== Directions for this task ==
Write out again, exactly, the lines below starting at the one with "Mandatory safety sign" and ending at the one with "Την άφιξη του".

== Data supplied ==
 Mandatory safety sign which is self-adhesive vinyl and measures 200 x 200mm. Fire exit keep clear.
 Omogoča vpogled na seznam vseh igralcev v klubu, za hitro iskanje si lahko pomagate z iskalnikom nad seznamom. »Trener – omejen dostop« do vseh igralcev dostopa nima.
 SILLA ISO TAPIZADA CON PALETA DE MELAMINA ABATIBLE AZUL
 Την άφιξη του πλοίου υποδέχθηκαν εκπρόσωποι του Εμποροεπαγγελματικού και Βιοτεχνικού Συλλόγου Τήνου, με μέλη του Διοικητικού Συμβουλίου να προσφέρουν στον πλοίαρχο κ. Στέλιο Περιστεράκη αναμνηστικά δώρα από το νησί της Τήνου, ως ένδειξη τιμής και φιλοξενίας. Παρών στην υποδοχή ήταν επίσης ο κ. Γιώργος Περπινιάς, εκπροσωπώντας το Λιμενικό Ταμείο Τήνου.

--

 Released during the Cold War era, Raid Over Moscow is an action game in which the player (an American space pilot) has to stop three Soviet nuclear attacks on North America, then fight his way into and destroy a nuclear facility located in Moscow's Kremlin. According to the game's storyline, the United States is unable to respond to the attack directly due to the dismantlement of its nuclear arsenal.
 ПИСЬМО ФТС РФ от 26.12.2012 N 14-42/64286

== Answer box ==
 Mandatory safety sign which is self-adhesive vinyl and measures 200 x 200mm. Fire exit keep clear.
 Omogoča vpogled na seznam vseh igralcev v klubu, za hitro iskanje si lahko pomagate z iskalnikom nad seznamom. »Trener – omejen dostop« do vseh igralcev dostopa nima.
 SILLA ISO TAPIZADA CON PALETA DE MELAMINA ABATIBLE AZUL
 Την άφιξη του πλοίου υποδέχθηκαν εκπρόσωποι του Εμποροεπαγγελματικού και Βιοτεχνικού Συλλόγου Τήνου, με μέλη του Διοικητικού Συμβουλίου να προσφέρουν στον πλοίαρχο κ. Στέλιο Περιστεράκη αναμνηστικά δώρα από το νησί της Τήνου, ως ένδειξη τιμής και φιλοξενίας. Παρών στην υποδοχή ήταν επίσης ο κ. Γιώργος Περπινιάς, εκπροσωπώντας το Λιμενικό Ταμείο Τήνου.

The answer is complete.